• _Your instructions_: In the records, find each line where "after" occurs, and copy it.

• _Data for the task_:

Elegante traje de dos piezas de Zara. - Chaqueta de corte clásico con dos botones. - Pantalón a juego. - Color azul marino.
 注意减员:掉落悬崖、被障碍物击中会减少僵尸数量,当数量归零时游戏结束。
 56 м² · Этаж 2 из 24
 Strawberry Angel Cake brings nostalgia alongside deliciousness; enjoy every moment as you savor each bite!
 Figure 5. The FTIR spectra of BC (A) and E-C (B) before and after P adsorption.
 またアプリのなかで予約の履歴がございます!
==
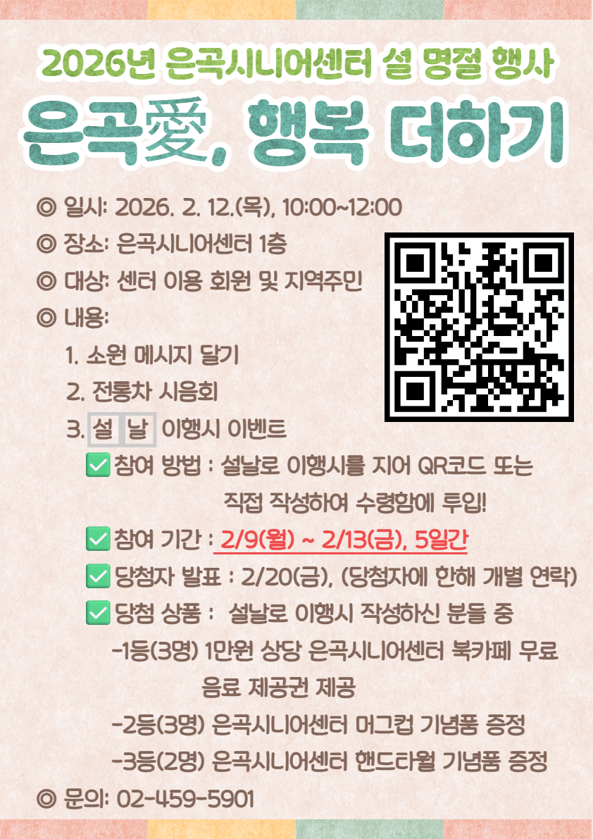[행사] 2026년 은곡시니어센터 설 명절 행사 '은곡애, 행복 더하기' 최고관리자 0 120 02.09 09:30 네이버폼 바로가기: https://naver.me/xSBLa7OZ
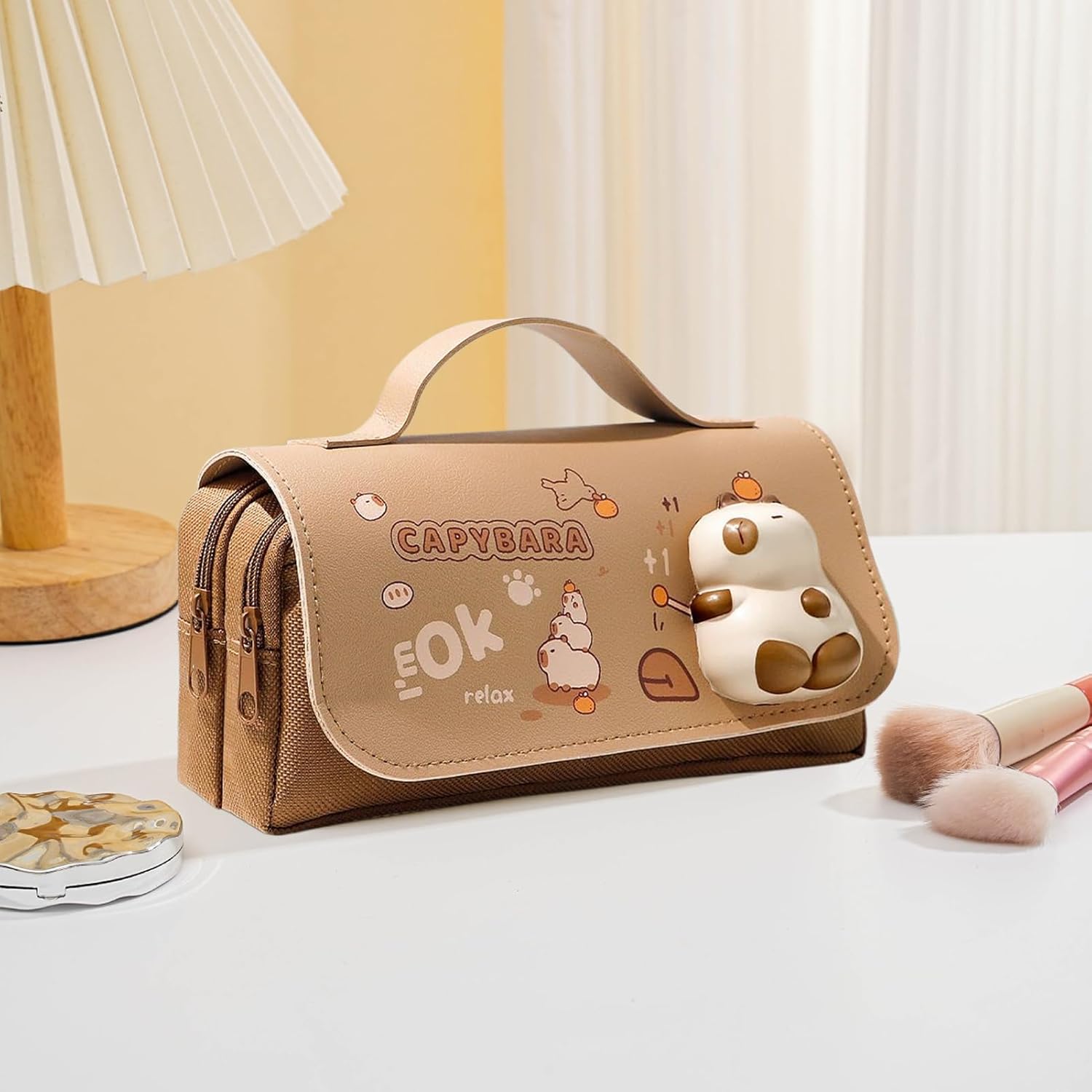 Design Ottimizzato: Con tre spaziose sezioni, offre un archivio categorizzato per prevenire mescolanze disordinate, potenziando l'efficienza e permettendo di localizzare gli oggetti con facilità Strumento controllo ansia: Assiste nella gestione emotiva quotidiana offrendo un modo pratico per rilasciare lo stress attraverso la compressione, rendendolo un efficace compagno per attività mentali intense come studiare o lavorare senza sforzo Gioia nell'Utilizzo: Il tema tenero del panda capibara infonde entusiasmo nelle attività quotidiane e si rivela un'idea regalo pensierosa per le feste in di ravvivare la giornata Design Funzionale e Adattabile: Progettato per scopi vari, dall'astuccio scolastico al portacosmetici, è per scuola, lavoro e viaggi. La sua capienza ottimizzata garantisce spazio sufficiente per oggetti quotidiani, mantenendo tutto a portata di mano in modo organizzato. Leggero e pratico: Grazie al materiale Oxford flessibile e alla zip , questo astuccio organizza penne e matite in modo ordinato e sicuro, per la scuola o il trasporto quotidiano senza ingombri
* * *
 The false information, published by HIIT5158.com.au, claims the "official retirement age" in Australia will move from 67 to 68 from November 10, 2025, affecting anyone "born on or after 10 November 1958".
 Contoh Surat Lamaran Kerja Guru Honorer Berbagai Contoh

• _Solved problem_:
 Figure 5. The FTIR spectra of BC (A) and E-C (B) before and after P adsorption.
 The false information, published by HIIT5158.com.au, claims the "official retirement age" in Australia will move from 67 to 68 from November 10, 2025, affecting anyone "born on or after 10 November 1958".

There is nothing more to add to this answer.